Camille Preaker (Amy Adams) é uma
repórter da cidade de Saint Louis que é mandada de volta para Wind Gap, a
cidadezinha do Missouri na qual cresceu, para cobrir o assassinato brutal de
duas adolescentes. Em Wind Gap ela reencontra a família com quem não fala há
anos: sua controladora mãe, Adora (Patricia Clarkson), a meia-irmã Amma (Eliza
Scanlen) e o padrasto Alan (Henry Czerny). O reencontro abre feridas antigas e
o trauma de Camille em ter perdido a irmã, Marion, ainda jovem. Assim, Camille
precisa lidar tanto com as dificuldades da investigação quanto com seus
problemas emocionais mal resolvidos.
A trama é claramente mais focada
na jornada emocional de Camille do que na investigação em si, o que pode
decepcionar que está em busca de uma trama policial mais tradicional, mas a
escolha resulta em envolvente, e por vezes aterrador, estudo de personagem
conforme passeamos pela mente fraturada da protagonista.
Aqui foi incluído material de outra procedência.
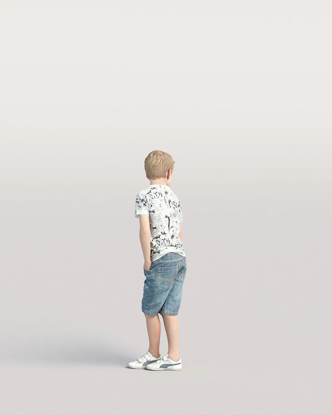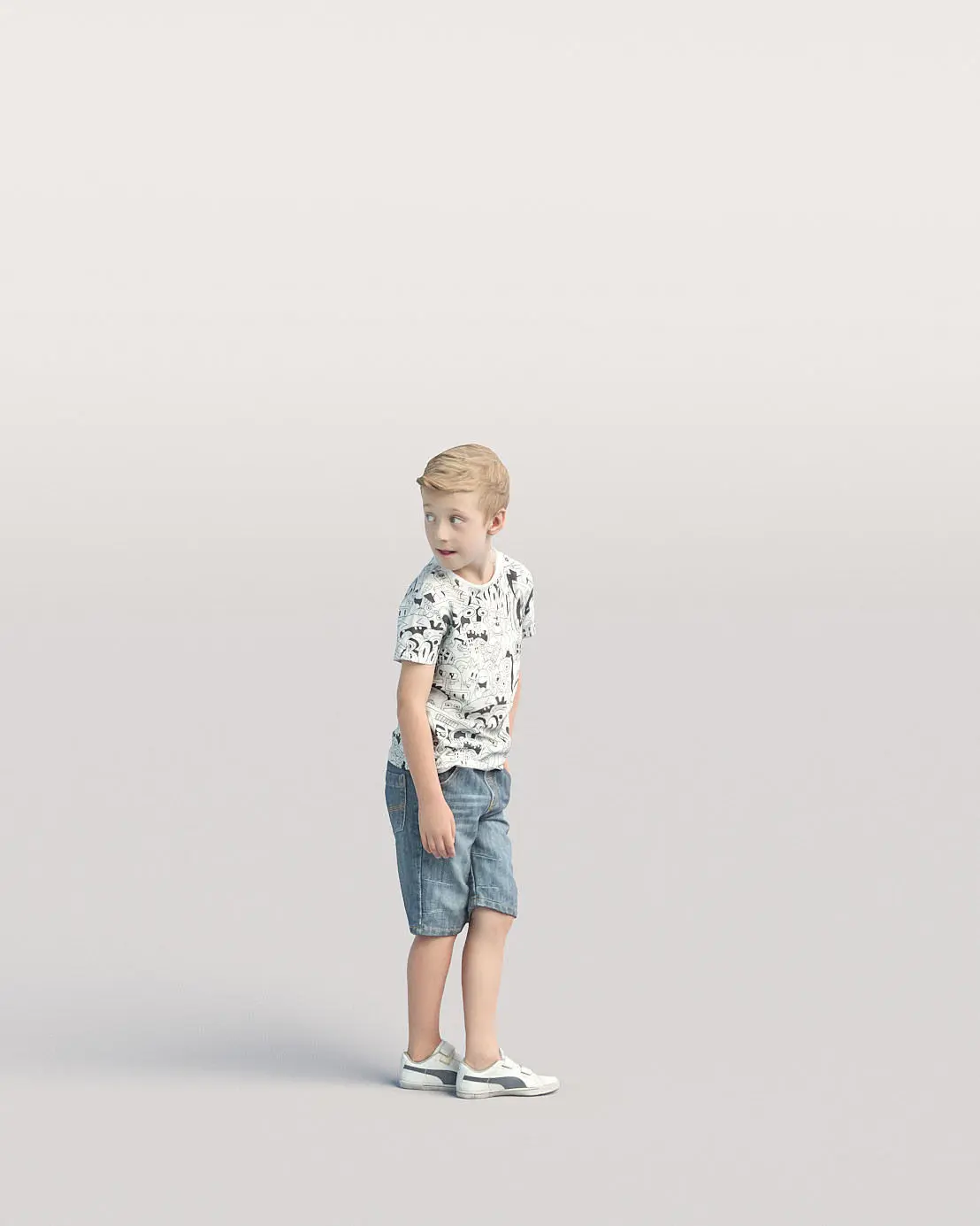 Naturally looking 3d posed model with high quality mesh and textures. Each model comes with realistic blend material (100k), optimized simple material (30K) and 4 different color variations.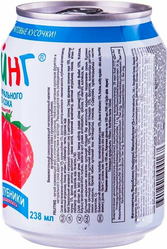Напиток сокосодержащий Фрутинг из клубничного сока с кусочками клубники, без сахара, 0.238 л интересное: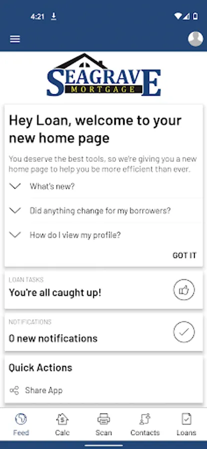 The SeaGrave Mortgage Home Loans app will give the customer a bird's eye view of the home loan process from start to finish.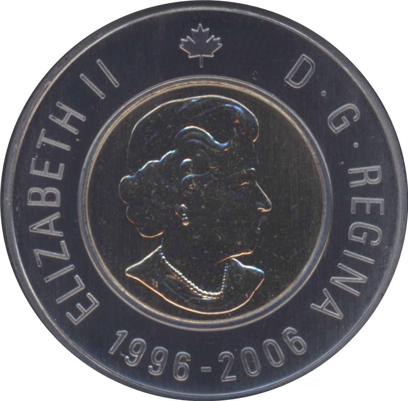 2006 Double date (10th anniversary of the Twoonie) specimen Twoonie relief Cameo model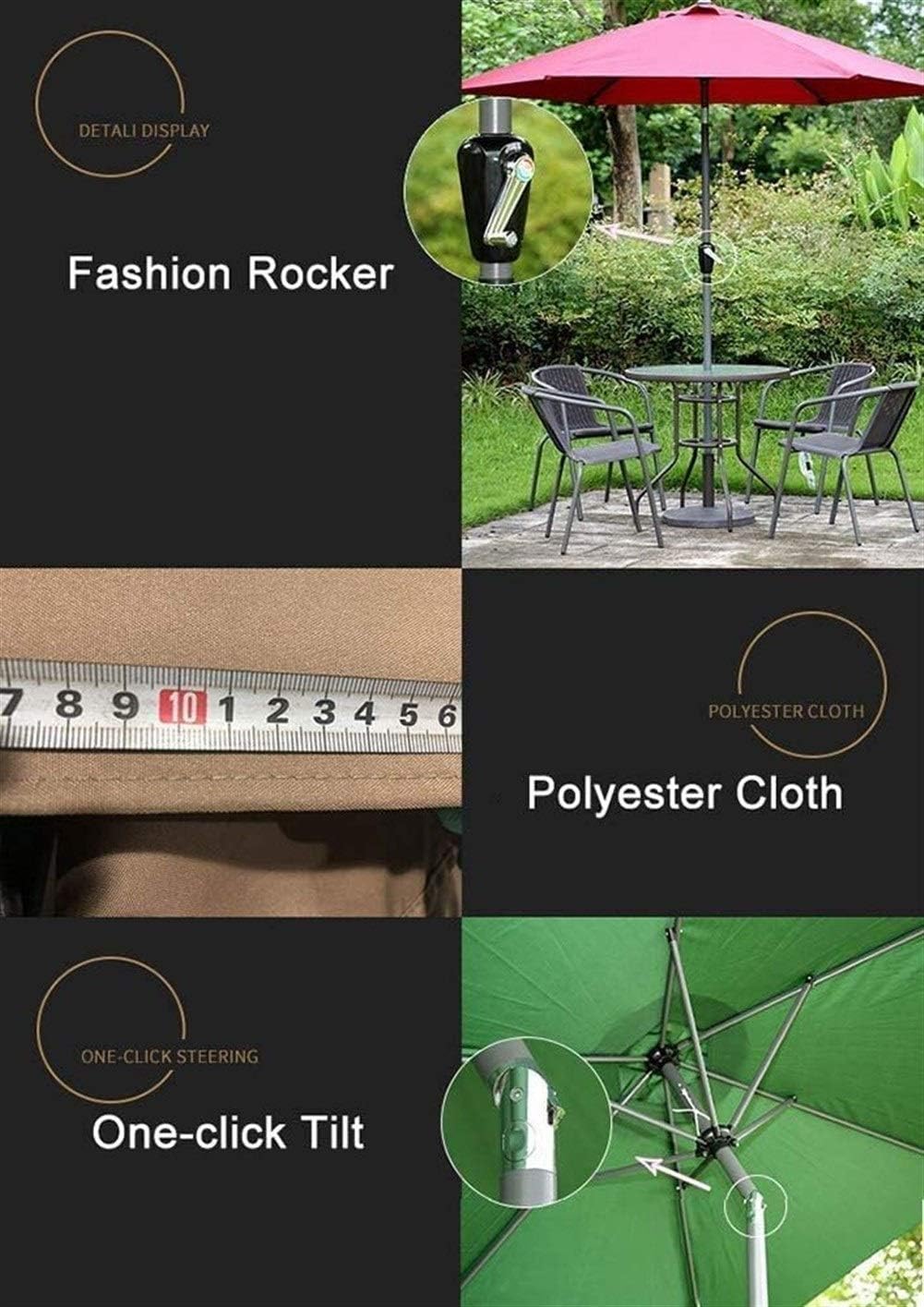 This parasol is an excellent choice for staying cool when it's sunny outside. canopy filters most UV rays, keeping you protected from potential sun damage, as well as helping to reduce sunstroke. A beautiful and rar unique which will pair with your existing garden decor effortlessly.> Overview:> - Umbrella Type: Market umbrella> - Size: 9ft / 270cm> - Canopy Shape: Round> - Pole: iron, Dia.1.50 inch (38 mm)> - Umbrella cloth: UV resistant polyester fabric,Waterproof> - Open method: Manual> - Air vent: Yes. It provides basic wind and heat venting> - Commercial/Residential: Both> > Tips:> *Please close umbrella when you do not use in bad wear so umbrella will have a longer performance. > > How to clean :> Brush off loose dirt.> Spray on a cleaning solution of water and mild soap.> Use a soft bristle brush to clean.> Allow cleaning solution to soak into fabric.> Rinse thoroughly until all soap residue is removed.> Air dry.> > Package Includes: > 1x Outdoor umbrellas{/p}

O diretor Jean Marc
Valée, responsável por Big Little Lies,
constrói a trama com uma montagem abrupta, que constantemente corta para flashbacks de Camille, nos mergulhando
no fluxo de consciência dela e evidenciando como todos os traumas passados
ainda são totalmente presentes na cabeça da personagem. Essas fusões de
passado, presente e viagens pela mente de Camille conferem um ar de delírio
febril às imagens similar ao que acontecia em True Detective, flertando com o terror em muitos momentos.